Re-architecting CS Blogs
Where are we now?
As I mentioned in my previous post the current CS Blogs system grew out of a prototype. This meant that the requirements of the system were discovered in parallel with designing and implementing the system, resulting in the slightly weird architecture shown below.
I say its weird because the `web-app` component isn’t really just a web application — it’s also an API server for the android application (and in theory any other app) and includes all the business logic of the system.
The `feed-aggregator` is a small node.js application ran as an Azure WebJob. It was hacked together in a few days and really only supports certain RSS and ATOM feeds. For example it works great for ATOM feeds using <description> tags, but not ones which use <content> tags. These oversights were made due to the software not being developed on much real data, essentially only my own feed, and the homogeneous nature of our users blogs — they’re mainly all Blogger or WordPress.com.
Despite the obvious and numerous flaws of the system it has worked well for the past year or so. However, when I wanted to add the concepts of organisation to the system — a way of seeing blogs only written by people at a certain company or university — I found the system to be a hodge-podge of technical debt, to the point where adding new features was going to take longer than developing a good, modular, expandable system. It was time to pay down the technical debt.
The first thing to do was to determine what parts of the old system were good — and try to ensure that these poistive things didn’t regress in the new system –, which things were in need of improvement and what new features we should add in at the same time.
Fortunately CS Blogs does do a number of things well:
- Short lead time — New posts appear in the system within 15 minutes
- Good Web App — The front end works well both on desktop and on mobile and is very performant due to its lack of scripts. The work Rob did on the styling makes it a joy to use
- Good Authentication — Users enjoy being able to use Github, Stack Exchange or WordPress to sign in and I enjoy not having to look after their passwords
A few things it could improve on are:
- Support for a larger range of RSS and ATOM feeds — ATOM support in particular isnt great in the current system
- A lot of functionality only works in the web app — Any method which requires authentication, such as signing up to the system, isn’t avaliable through the API
- Feed aggregation downloads every authors feed every 15 minutes, this is a lot of data and wouldn’t be economic to scale to 100s of users
- Code maintainability is poor due to a complete lack of automated testing and linting
The additional user-facing features I want to implement are:
- Notifications of new blog posts for CS Blogs applications on Android/iOS
- Support for the aforementioned organisations feature
Designing a Distributed System
The system you can see in the diagram below was designed with the intention of fulfilling out of the requirements which I outlined above. You’ll notice the use of Amazon Web Services icons, as I have recently switched hosting from Azure to AWS. There are a enough reasons for this decision to warrent its own blog post, so I wont go into detail here.

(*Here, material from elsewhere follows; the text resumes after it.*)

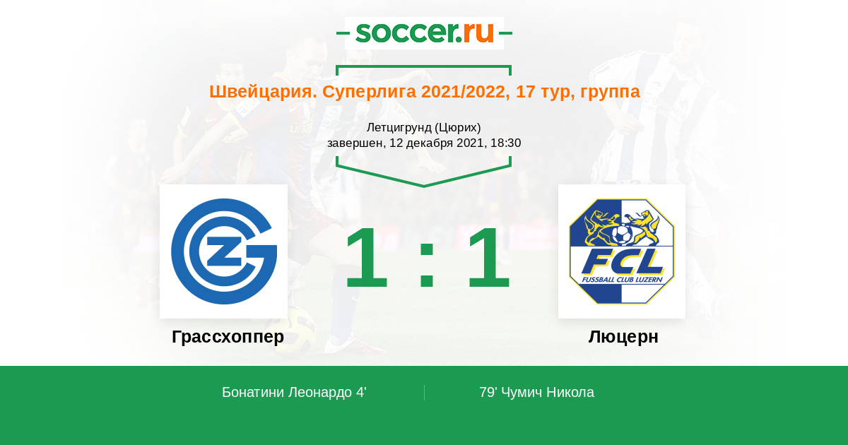 Швейцария. Суперлига 13.03.2022 Люцерн Логотип футбольный клуб Люцерн 1:0 Логотип футбольный клуб Грассхоппер (Цюрих) Грассхоппер

In the new system all applications are treated as first class citizens, meaning there is nothing that the web application can do that any other application can’t. This is achieved by having all of the business logic, authentication and database interaction handled by the `api-server` — which is accessable by anthing that can make HTTPS:// requests and handle JSON responses.
This means that the mobile applications will be able to perform actions such as registering a user and editing their details, which they cannot under the current system. Another benefit to the mobile applications that isn’t shown on this diagram is that the `feed-downloader` calls Amazon SNS with information about how many new blog posts it has found every time it runs, this in turn is relayed to the mobile applications in the form of notifications.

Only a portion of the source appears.